EXERCISE REQUIREMENTS: With the pictures left aside, write out exactly the lines of the listing below from the line with "Kualitet i lartë, syze" to the line with "Balón largo por", both included, and only those.

RECORDS SHOWN:

================================

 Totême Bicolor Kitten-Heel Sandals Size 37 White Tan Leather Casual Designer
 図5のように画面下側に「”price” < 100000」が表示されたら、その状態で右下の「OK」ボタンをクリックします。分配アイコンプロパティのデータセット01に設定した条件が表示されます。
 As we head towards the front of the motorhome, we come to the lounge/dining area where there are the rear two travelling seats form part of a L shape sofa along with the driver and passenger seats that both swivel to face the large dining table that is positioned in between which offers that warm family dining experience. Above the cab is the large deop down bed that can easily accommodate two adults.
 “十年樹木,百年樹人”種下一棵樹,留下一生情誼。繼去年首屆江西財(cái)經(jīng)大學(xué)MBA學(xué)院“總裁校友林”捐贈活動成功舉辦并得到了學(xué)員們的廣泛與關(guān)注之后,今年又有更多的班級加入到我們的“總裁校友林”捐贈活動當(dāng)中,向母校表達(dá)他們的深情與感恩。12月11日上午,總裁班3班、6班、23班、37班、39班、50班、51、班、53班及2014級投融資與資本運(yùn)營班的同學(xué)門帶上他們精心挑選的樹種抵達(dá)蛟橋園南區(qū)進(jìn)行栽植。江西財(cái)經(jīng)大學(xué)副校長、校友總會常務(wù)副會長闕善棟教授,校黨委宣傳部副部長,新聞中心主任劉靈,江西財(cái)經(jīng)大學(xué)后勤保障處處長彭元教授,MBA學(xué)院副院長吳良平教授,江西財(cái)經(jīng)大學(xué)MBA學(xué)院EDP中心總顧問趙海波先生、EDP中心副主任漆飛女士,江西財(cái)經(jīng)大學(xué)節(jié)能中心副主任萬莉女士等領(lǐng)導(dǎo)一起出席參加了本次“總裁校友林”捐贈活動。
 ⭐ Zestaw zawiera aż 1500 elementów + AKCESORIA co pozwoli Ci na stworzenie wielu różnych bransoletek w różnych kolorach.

================================

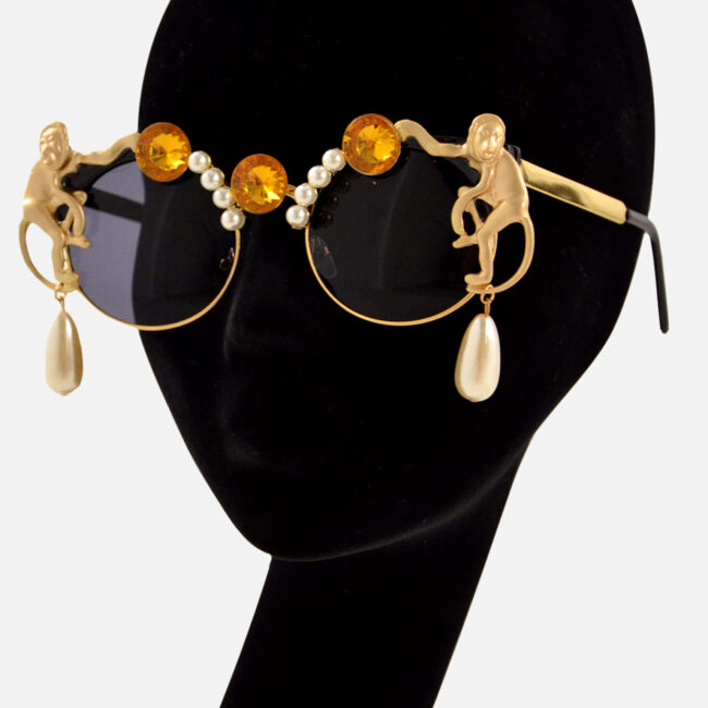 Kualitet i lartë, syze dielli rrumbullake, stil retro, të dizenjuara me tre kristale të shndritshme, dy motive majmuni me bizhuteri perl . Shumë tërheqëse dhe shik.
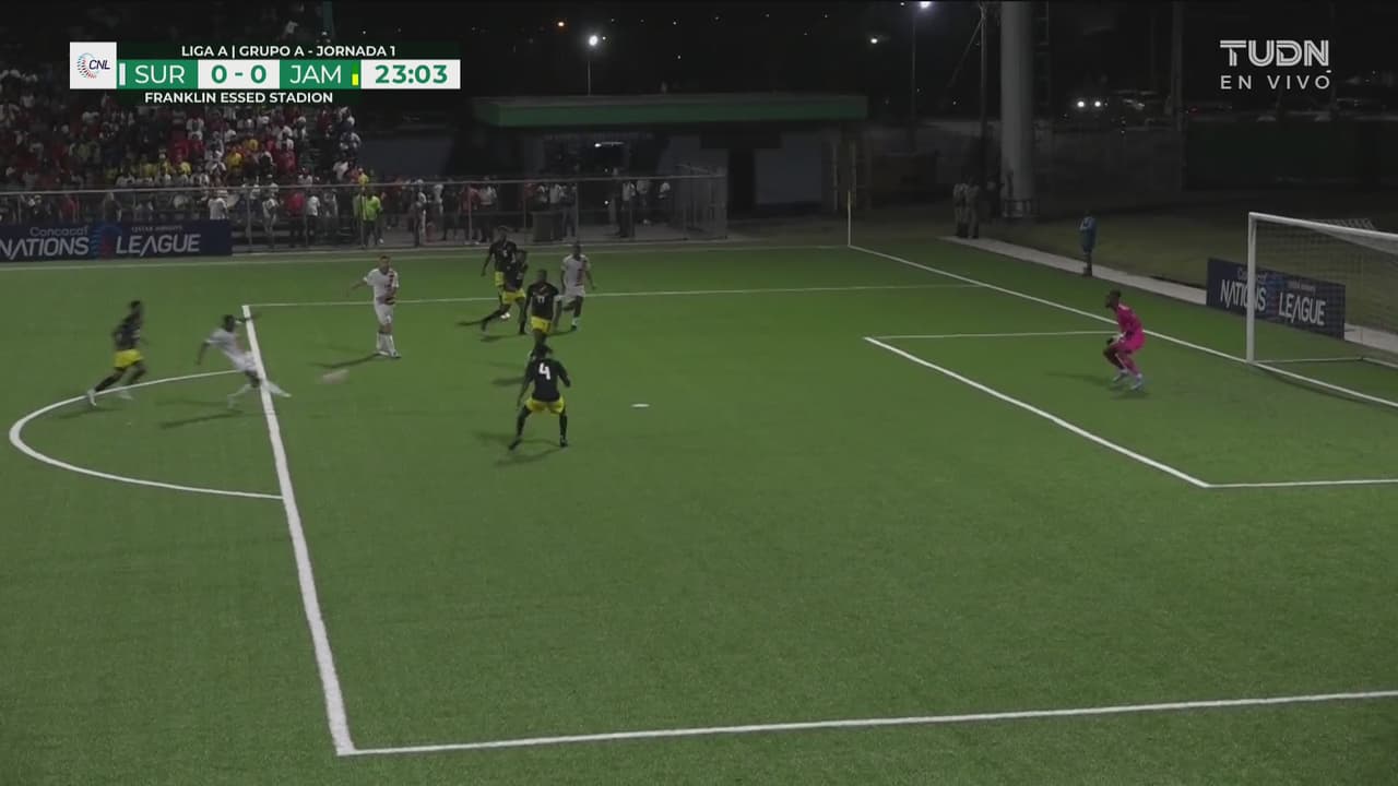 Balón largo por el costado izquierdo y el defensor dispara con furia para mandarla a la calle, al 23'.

================================

EXPECTED ANSWER:
 Kualitet i lartë, syze dielli rrumbullake, stil retro, të dizenjuara me tre kristale të shndritshme, dy motive majmuni me bizhuteri perl . Shumë tërheqëse dhe shik.
 Balón largo por el costado izquierdo y el defensor dispara con furia para mandarla a la calle, al 23'.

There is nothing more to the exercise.